Using libxml in Python

May 14, 2003

The GNOME project, an open source umbrella projects like Apache and KDE, has spawned several useful subprojects. A few years ago the increase of interest in XML processing in GNOME led to the development of a base XML processing library and, subsequently, an XSLT library, both of which are written in C, the foundational language of GNOME. These libraries, libxml and libxslt, are popular for users of C, but also those of the many other languages for which wrappers have been written, as well as language-agnostic users who want good command-line tools.

libxml and libxslt are popular because of their speed, active development, and coverage of many XML specifications with close attention to conformance. They are also available on many platforms. Daniel Veillard is the lead developer of these libraries as well as their Python bindings. He participates on the XML-SIG and has pledged perpetual support for the Python bindings; however, as the documentation says, "the Python interface [has] not yet reached the maturity of the C API."

In this article I'll introduce the Python libxml bindings, which I refer to as Python/libxml. In particular I introduce libxml2. I am using Red Hat 9.0 so installation was a simple matter of installing RPMs from the distribution disk or elsewhere. The two pertinent RPMs in my case are libxml2-2.5.4-1 and libxml2-python-2.5.4-1. The libxml web page offers installation instructions for users of other distributions or platforms, including Windows and Mac OS X.

Basic libxml

libxml exposes a Python interface similar to its C interface. It's unrelated to DOM or any of the other Python interfaces and is fairly complex. To get a flavor of it, see the demonstration in listing 1.

Listing 1: A simple example of the basic libxml2 API

import libxml2



DOC = """<?xml version="1.0" encoding="UTF-8"?>

<verse>

  <attribution>Christopher Okibgo</attribution>

  <line>For he was a shrub among the poplars,</line>

  <line>Needing more roots</line>

  <line>More sap to grow to sunlight,</line>

  <line>Thirsting for sunlight</line>

</verse>

"""



doc = libxml2.parseDoc(DOC)

root = doc.children

print root

#iterate over children of verse

child = root.children

while child is not None:

    print child

    if child.type == "element":

        print "\tAn element with ", child.lsCountNode(), "child(ren)"
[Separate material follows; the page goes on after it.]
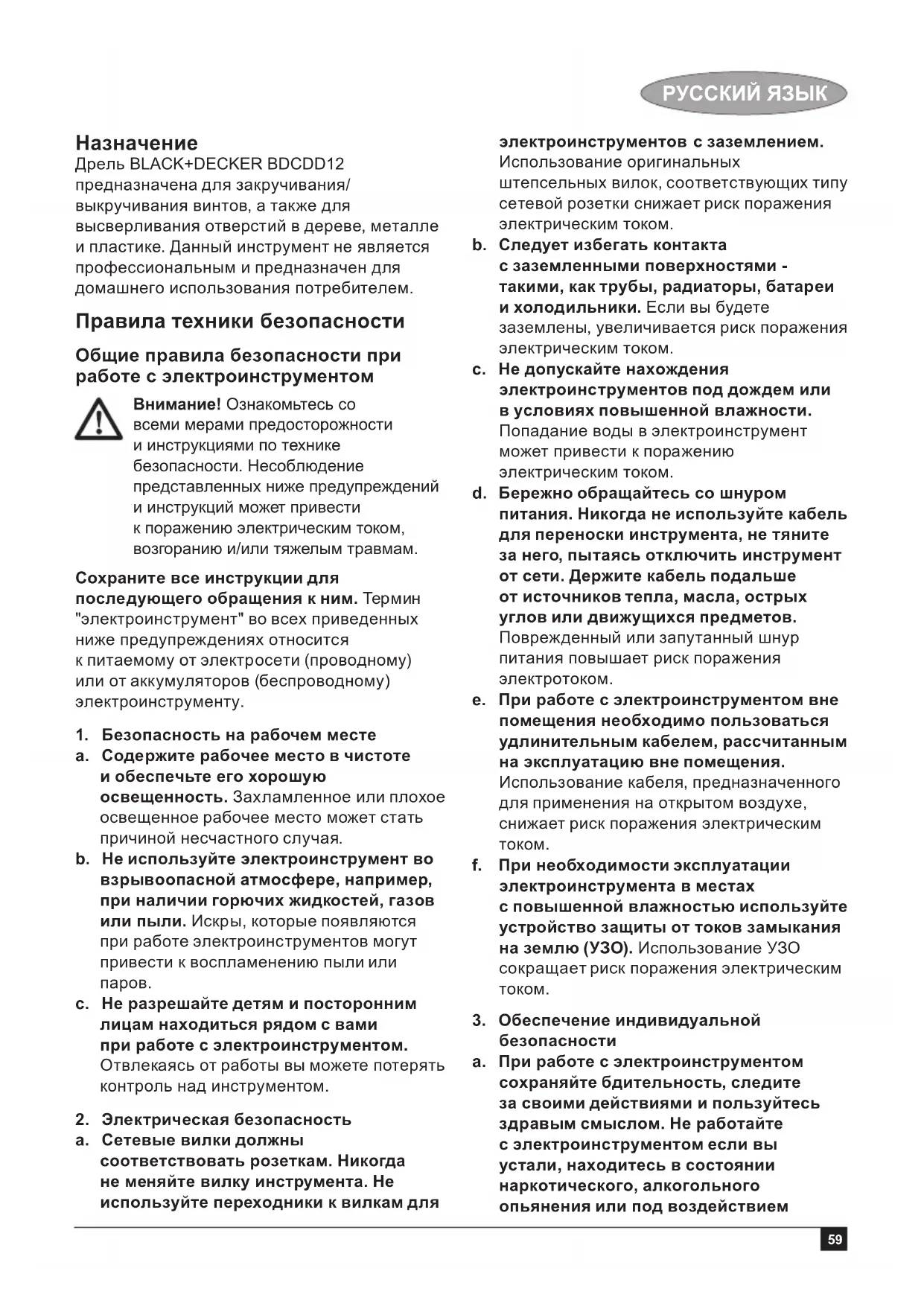 Дрель BLACK+DECKER BDCDD12 предназначена для закручивания/ выкручивания винтов, а также для высверливания отверстий в дереве, металле и пластике. Данный инструмент не является профессиональным и предназначен для домашнего использования потребителем. Правила техники безопасности Общие правила безопасности при работе с электроинструментом Внимание! Ознакомьтесь со всеми мерами предосторожности и инструкциями по технике безопасности. Несоблюдение представленных ниже предупреждений и инструкций может привести к поражению электрическим током, возгоранию и/или тяжелым травмам. Сохраните все инструкции для последующего обращения к ним. Термин "электроинструмент" во всех приведенных ниже предупреждениях относится к питаемому от электросети (проводному) или от аккумуляторов (беспроводному) электроинструменту.

        print "\tAnd content", repr(child.content)

    child = child.next

doc.freeDoc()

The entire Python API wrapper is in the module libxml2, which largely delegates to a C/Python extension in the file libxml2mod.so on my machine, which in turn uses the core libxml implementation. parseDoc is one of a family of functions for parsing XML documents, DTDs, and more. There are also parseURI and parseFile for reading instances and parseDTD to read an external DTD subset.
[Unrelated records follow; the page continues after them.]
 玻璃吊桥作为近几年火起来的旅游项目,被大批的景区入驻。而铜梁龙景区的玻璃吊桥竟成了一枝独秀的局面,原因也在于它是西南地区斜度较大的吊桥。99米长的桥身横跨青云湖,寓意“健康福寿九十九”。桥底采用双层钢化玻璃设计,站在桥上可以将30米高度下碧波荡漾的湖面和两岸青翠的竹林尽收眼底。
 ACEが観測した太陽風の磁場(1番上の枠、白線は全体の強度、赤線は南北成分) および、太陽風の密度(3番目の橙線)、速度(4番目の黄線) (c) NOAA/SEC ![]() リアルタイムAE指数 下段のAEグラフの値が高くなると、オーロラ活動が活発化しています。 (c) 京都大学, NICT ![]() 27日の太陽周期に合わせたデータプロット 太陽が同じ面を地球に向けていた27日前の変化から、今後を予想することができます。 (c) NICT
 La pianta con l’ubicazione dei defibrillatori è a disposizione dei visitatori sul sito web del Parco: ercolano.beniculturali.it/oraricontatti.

In this listing I use the most literal of the several approaches for walking through nodes, the one closest to the core C API. The children attribute gets the first child node of the instance node in document order. This makes the name a bit misleading, but you can get to the rest of the children using what is in effect a doubly-linked list, where the next and prev attributes link the list together, and last can be used to shuttle to the end. parent.children in effect moves "up" and then back to the start of the list; it can be used in place of the nonexistent attribute first.
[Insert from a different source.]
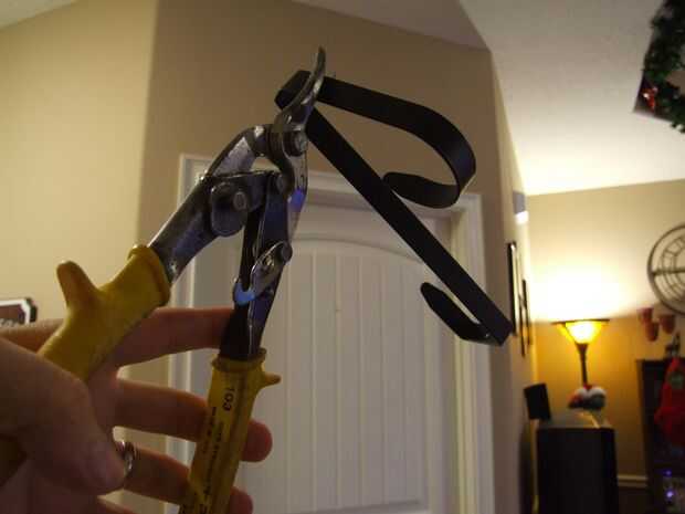 Alicate para doblar el gancho donde desea que la parte superior del árbol para colgar y usar tijeras de lata (o una amoladora o algo apropiado) para cortar el metal adicional.

The next links eventually run off the end of the list, returning None, which terminates my while loop. Within each iteration I print each node, including some special information for elements. To determine which nodes are elements, I use the type attribute, which returns a string indicating the node type. lsCountNode() gives the count of child nodes and content gives a string consisting of the content of all descendant text nodes. Finally, in order to deallocate the low-level C constructs throughout the document, I call freeDoc(); freeNode() is also available for more fine-grained memory management, usually when using libxml to modify documents.

The following is the output from listing 1.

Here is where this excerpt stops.